Week of 150601

WLCG Operations Call details

  • At CERN the meeting room is 513 R-068.

  • For remote participation we use the Vidyo system. Instructions can be found here.

General Information

  • The purpose of the meeting is:
    • to report significant operational issues (i.e. issues which can or did degrade experiment or site operations) which are ongoing or were resolved after the previous meeting;
    • to announce or schedule interventions at Tier-1 sites;
    • to inform about recent or upcoming changes in the experiment activities or systems having a visible impact on sites;
    • to provide important news about the middleware;
    • to communicate any other information considered interesting for WLCG operations.
  • The meeting should run from 15:00 until 15:20, exceptionally to 15:30.
  • The SCOD rota for the next few weeks is at ScodRota
  • General information about the WLCG Service can be accessed from the Operations Web
  • Whenever a particular topic needs to be discussed at the daily meeting requiring information from site or experiments, it is highly recommended to announce it by email to wlcg-operations@cernSPAMNOTNOSPAMPLEASE.ch to make sure that the relevant parties have the time to collect the required information or invite the right people at the meeting.

Monday

Attendance:

  • local: Alexey (ATLAS), Stefan (SCOD), Alessandro (Storage), Christoph (CMS), Ben (Grid Services), Katarzyna (Databases), Maarten (ALICE),
  • remote: Daniele (CMS), Hung-Te (ASGC), Jens (NDGF), Lisa (FNAL), Elizabeth (OSG), Alexander (NL-T1), Di-Qing (TRIUMF), Rolf (IN2P3), Sonia (CNAF),
  • apologies: Tiju (RAL), Joel (LHCb), Sang-Un (KISTI)

Experiments round table:

  • ATLAS reports (raw view) -
    • Tile reprocessing is running well
    • New record in number of transferred files (Rucio)
    • Issues with NDGF/FTS3 and INFN T1 GGUS ticket

  • CMS reports (raw view) -
    • Services
      • May-25: XROOT (criticality level 8) at 67% availability: check cmsxrootd.fnal.gov:1094
        • opened GGUS:113934.
        • Prompt reaction by Brian Bockelman. Service ran out of file descriptors, fills the log file with a line per failed accept(), host out of space. Took immediate measures, discussed about lack of alarms and planned preventive actions for the future.
        • system monitored, looked stable, GGUS closed by the CMS-CRC on Jun 1st
      • May 27: ELOG slow/unresponsive around mid-week
        • unclear. Solved by itself. Archived as “glitch”. No tickets.
    • T1:
      • since the weekend: T1_UK_RAL pileup reading errors (GGUS:114010 as of Jun 1st, currently investigating)
      • since May-27: issues in file transfers from T1_FR_CCIN2P3 to T2_US_Florida (GGUS:113937, pending)
      • since May-27: Failing transfers from T1_RU_JINR_Disk to T1_UK_RAL_Disk (GGUS:113936, now understood, needs few corrupted files invalidation)

  • ALICE -
    • high job failure rates starting Fri evening, then very low activity on Sat through Sun morning due to an ALICE SW issue
      • a cure was applied Sat evening and MC production was restarted

  • LHCb reports (raw view) -
    • Operations dominated by MC jobs and user analysis; Some RAW DATA are foreseen on Wednesday
    • T0
      • tape set defined for the new RAW data file on CASTOR
    • T1
      • RRCKI : site declared in Downtime in GOCDB as WARNING but all transfer failed. So if there is an interruption of service the downtime should be DOWN and not WARNING or AT RISK.

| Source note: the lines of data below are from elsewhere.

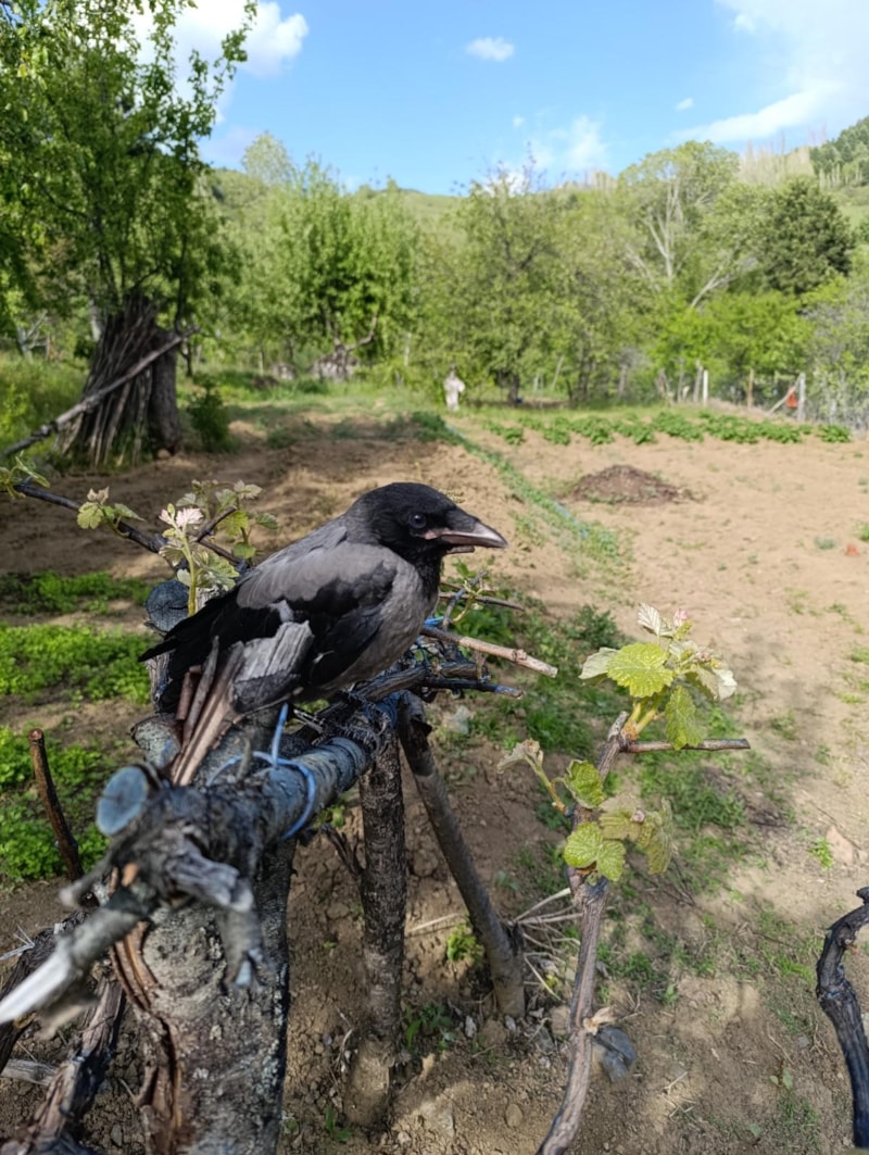 Bu yavruyu köpeklerin ağzında gördüm. Enjektörle besledim, iki-üç saatte bir mamayla ilgilendim. Sonra doğasına bıraktık, birkaç gün içinde geri geldi. Artık istediğinde geliyor, kendini sevdiriyor ve karnını doyuruyor. Geçen yıllarda da başka yavru kargaları besledik ve doğaya saldık. Her sene birkaç yavru nasip oluyor, bakıyoruz.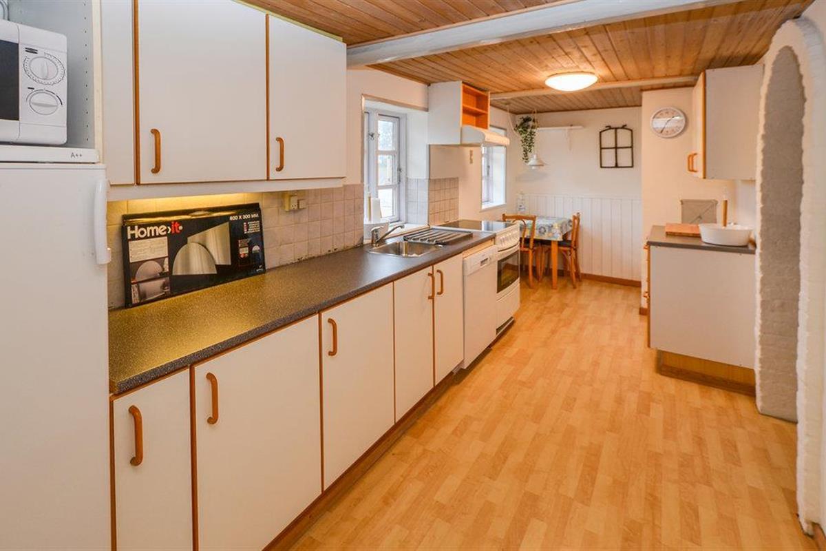 Dit gezellige vakantiehuis ligt op het schiereiland Kegnæs. De goed uitgeruste keuken van het huis is verbonden met het eetgedeelte en de woonkamer. Hier vindt u ook de houtkachel, waar u op koele dagen en avonden een gezellig vuurtje kunt stoken. Er is ook een energievriendelijke warmtepomp die zowel kan verwarmen als koelen.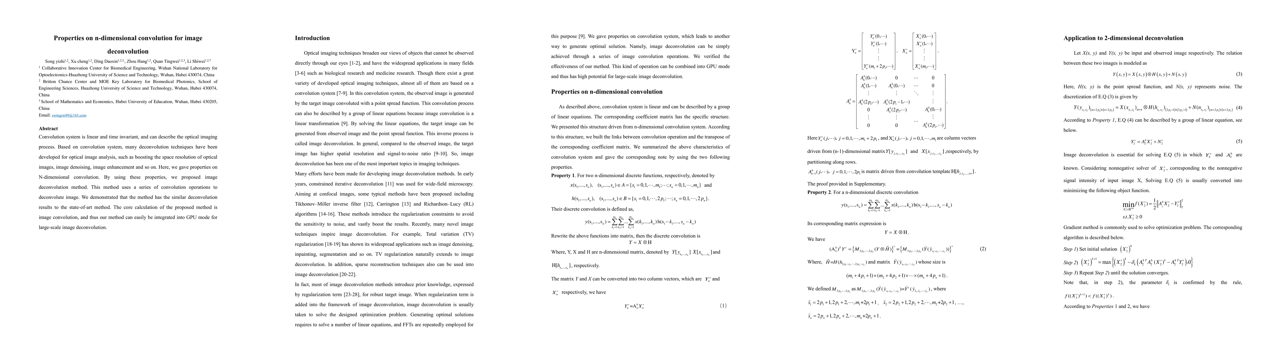 This paper proposes a method for image deconvolution using N-dimensional convolution, achieving similar results to state-of-the-art methods with efficient GPU integration.
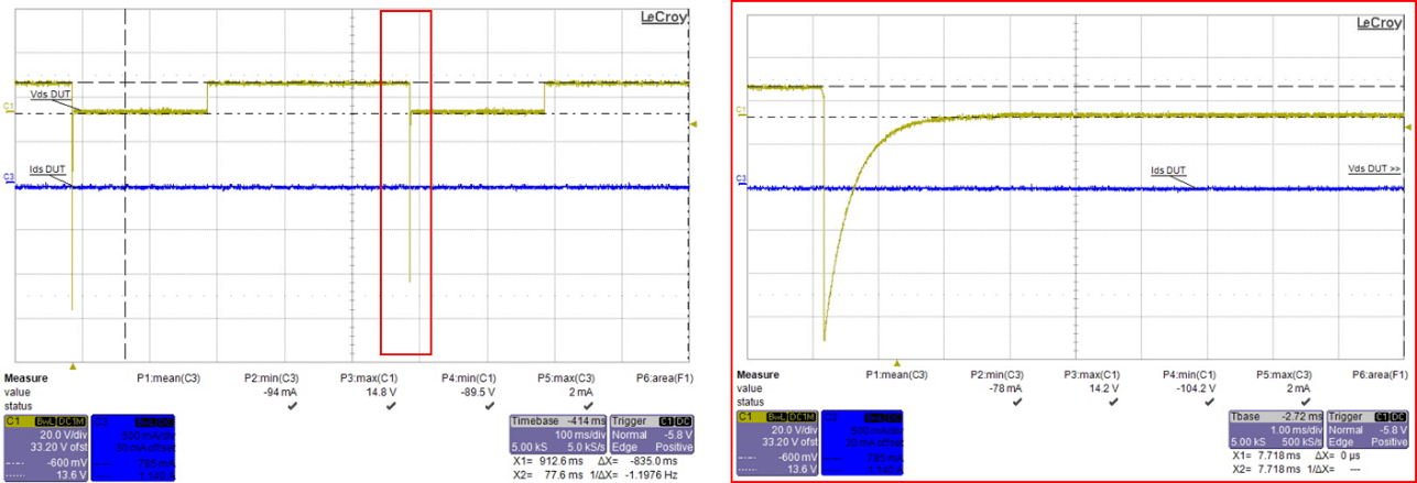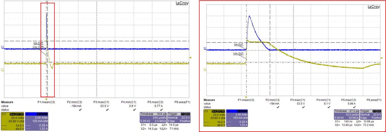 In case 1, the linear mode ruggedness of the power switch is tested for a long pulse time, which is close to DC operation.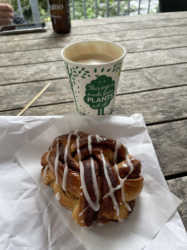 Absolutely an oasis for vegetarians! Great expresso, amazing jelly donuts on designated days, fantastic breads and pastry, and a great salad selection as well as many other dishes. Set on a beautiful river. You can eat indoors or outside. We go hiking and go back for our next meal. Yes, a bit pricey... and the bathrooms are definitely not adequate for the amount of people... not cleaned often enough. But we go for the excellent food and coffee. Nice little gift shop also inside the building for rainy days.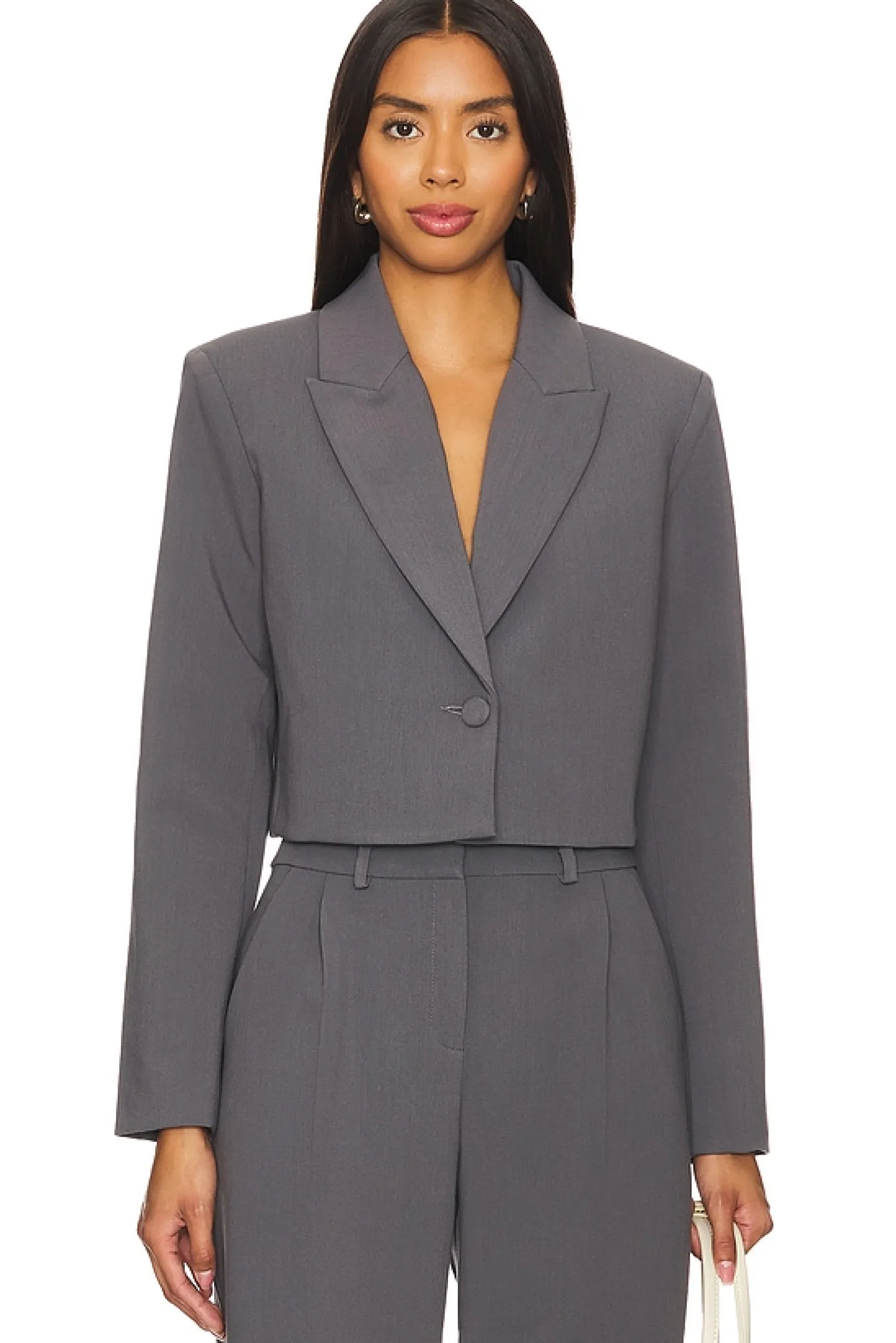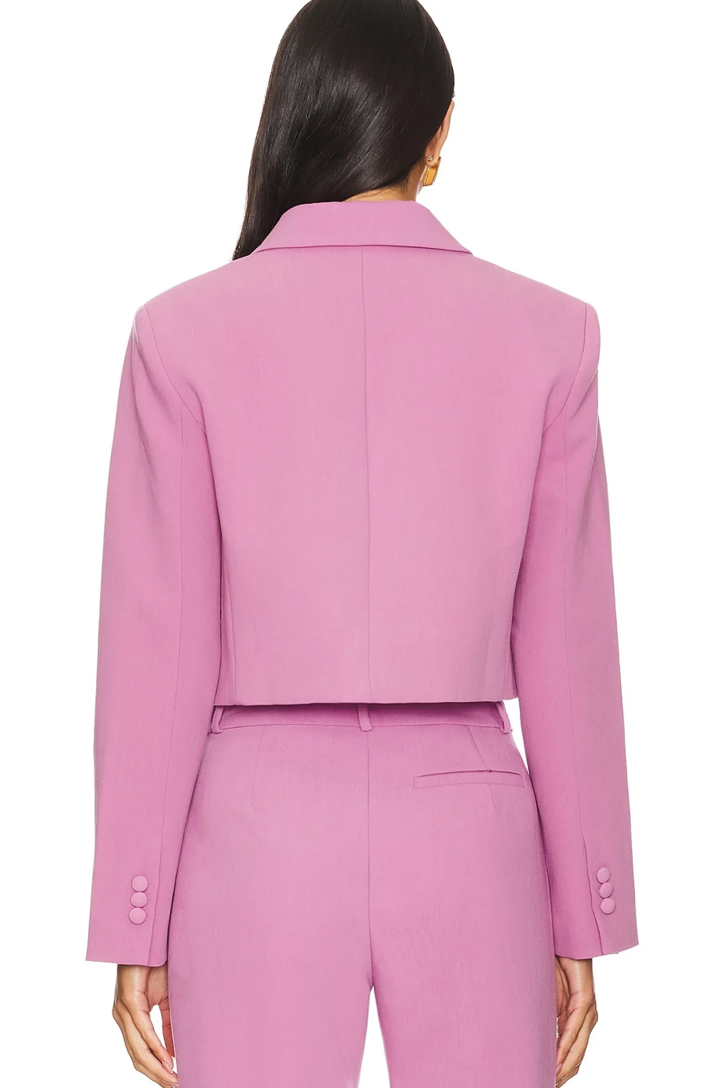 Self: 75% polyester 19% viscose 6% elastane Lining: 100% polyester.Made in USA.Dry clean only.Singular front button closure.Padded shoulders.Button cuffs.Midweight crepe fabric.Item not sold as a set

Sites / Services round table:

  • ASGC: NTR
  • BNL: NR
  • CNAF: NTR (tomorrow bank holiday)
  • FNAL: Intervention in computer rooms, approx. quarter of CMS allocations down. Currently working to restore services, expect to be back by mid week.
  • GridPP: NR
  • IN2P3: NTR
  • JINR: NR
  • KISTI: NTR
  • KIT: NR
  • NDGF: FTS issues last Friday struggles with transfers for most of the day. Mitigated by software fix the day after.
  • NL-T1: Tomorrow morning DT for software updates on dCache and workernode kernels.
  • NRC-KI: NR
  • OSG: NTR
  • PIC: NR
  • RAL: NTR
  • TRIUMF: NTR

  • CERN batch and grid services: ongoing issue with FTS bringonline daemon (code problem?), currently being looked at.
  • CERN storage services: new EOS/ATLAS grid ftp door opened (now four),
  • Databases: NTR
  • GGUS: NR
  • Grid Monitoring: NR
    • Draft availability reports for May sent, and available at the SAM3 UI
  • MW Officer: NR

AOB:

Thursday

Attendance:

  • local: Joel (LHCb), Stefan (SCOD), Christoph (CMS), Alessandro (ATLAS), Ben (Grid Services), Xavi (Storage), Nacho (Grid Services), Maarten (ALICE),
  • remote: Dennis (NL-T1), Rolf (IN2P3), Lisa (FNAL), Michael (BNL), Hung-Te (ASGC), John (RAL), Jeremy (GridPP), Sang Un (KISTI), Jens (NDGF), Di Qing (TRIUMF), Pepe (PIC), Rob (OSG), Daniele (CMS), Lucia (CNAF),

Experiments round table:

  • ATLAS reports (raw view) -
    • Smooth first official day of data taking!
    • Tier-0 issues on some WNs: can someone clarify the issue?
      • Xavi: on long jobs, tracked down to a bug in the hypervisor numa mapping of cores in Openstack, not fixed yet. Alessandro prefers not to use those machines.
    • HLT reprocessing: successfully managed to reprocess 1M events for the 1st week HLT reprocessing needs.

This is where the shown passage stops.